Membrane Transport and Performance in the All-Aqueous Copper Thermally Regenerative Battery

Abstract

Redox flow batteries are emerging as a promising method to provide grid-scale power and long-duration energy storage safely and economically. The thermally regenerative ammonia battery (TRAB) is a new redox flow battery category that can be recharged using low-grade waste heat rather than electric energy, adding further flexibility to the applicability of flow battery systems. Recently, a new TRAB with all-aqueous electroactive species (referred to as the Cuaq-TRAB), as opposed to deposition-dissolution reactions, was found to have superior energy and power densities relative to competing TRABs. The use of bromide and ammonia stabilizes for both Cu(I) and Cu(II) oxidation states, while also creating a cell potential of up to 1.0 V. The potential can be recovered by thermally separating ammonia from the electrolyte and adding it back to alternate electrolyte chambers in successive cycles.
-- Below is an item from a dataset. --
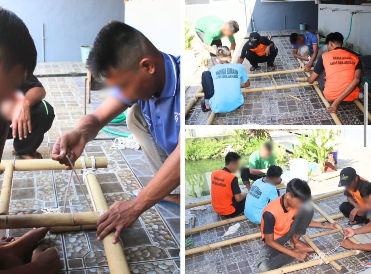 Mereka tampak serius dan penuh semangat dalam mengerjakan struktur gapura yang nantinya akan menjadi identitas dan representasi kontingen Lapas Banjarmasin dalam perkemahan yang akan digelar di LPKA Martapura pada tanggal 25–27 Juli 2025 nanti.

Potential improvements in overall cell performance are possible by reducing ohmic losses associated with membrane selection. However, the ideal membrane for the Cuaq-TRAB is not obvious and raises interesting transport questions relative to the dominant redox-active copper species being negatively charged in the catholyte but positively charged in the anolyte. Furthermore, membrane crossover of ammonia, a small, uncharged molecule, was previously shown to be a primary source of parasitic losses for TRABs. Therefore, we investigated how different membrane types (cation, anion, and non-selective) affected ion transport and TRAB performance. A batch symmetry cell was used to determine membrane conductivity in the Cuaq-TRAB environment and membrane diffusion coefficients of each species in the electrolytes. Flow cell experiments were also conducted to find peak power, energy density, average power during discharge, and capacity fade over successive electric charge/discharge cycles. Tradeoffs between membrane conductivity and permeability observed in the symmetry cell are manifested in flow cell results as either high peak and average power or high energy density and low capacity fade. These results expand on potential methods for controlling transport in redox flow batteries and demonstrate the potential for non-selective membranes for electrochemical energy technologies.